Aim: To screen mutations in the melanocortin 4 receptor (MC4R) in obese and normal-weight Chinese children and adolescents.
Methods: Three hundred Chinese children and adolescents, including 200 obese and 100 healthy non-obese individuals, were evaluated. The coding region of the MC4R gene was amplified by polymerase chain reaction (PCR) and sequenced.
Results: In obese individuals, we detected two novel heterozygous non-synonymous mutations (c.496G>A, resulting in Val166Ile; c.929G>A, resulting in Arg310Lys) and a novel heterozygous non-sense mutation (c.831T>A, resulting in a premature stop codon Cys277Stop). In both obese individuals and controls, a novel heterozygous non-synonymous mutation (c.68T>G, resulting in Leu23Arg, 0.5 and 1%, respectively) and the Val103Ile polymorphism (c.307G>A, 3 and 2%, respectively) were found. There was no difference in alanine aminotransferase (ALT), aspartate aminotransferase (AST), triglyceride (TG), cholesterol (CHOL) and whole body insulin sensitivity index (WBISI) between obese individuals with and without mutation. The prevalence for heterozygous MC4R mutations was 1.5% in the obese.

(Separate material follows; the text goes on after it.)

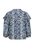 Sommerlig og elegant. Denne lette blusen er laget i en skinnende kvalitet med et vakkert print som oser av varme dager. De delikate volangdetaljene ved skuldrene og de 3/4 lange ermene gir et feminint og sofistikert uttrykk, perfekt både til hverdags og festlige anledninger.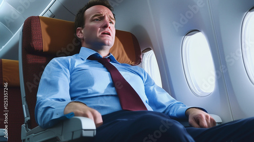Nervous Traveler: A Man in a Blue Shirt and Tie Anxiously Sits in an Airplane Seat

Conclusions: Two novel heterozygous non-synonymous mutations (Val166Ile; Arg310Lys) and a novel heterozygous non-sense mutation (Cys277Stop) were detected in Chinese obese individuals. Leu23Arg variant might be a polymorphism in the Chinese population. There were no differences between clinical and biochemical profiles in the heterozygous mutations and the wild type.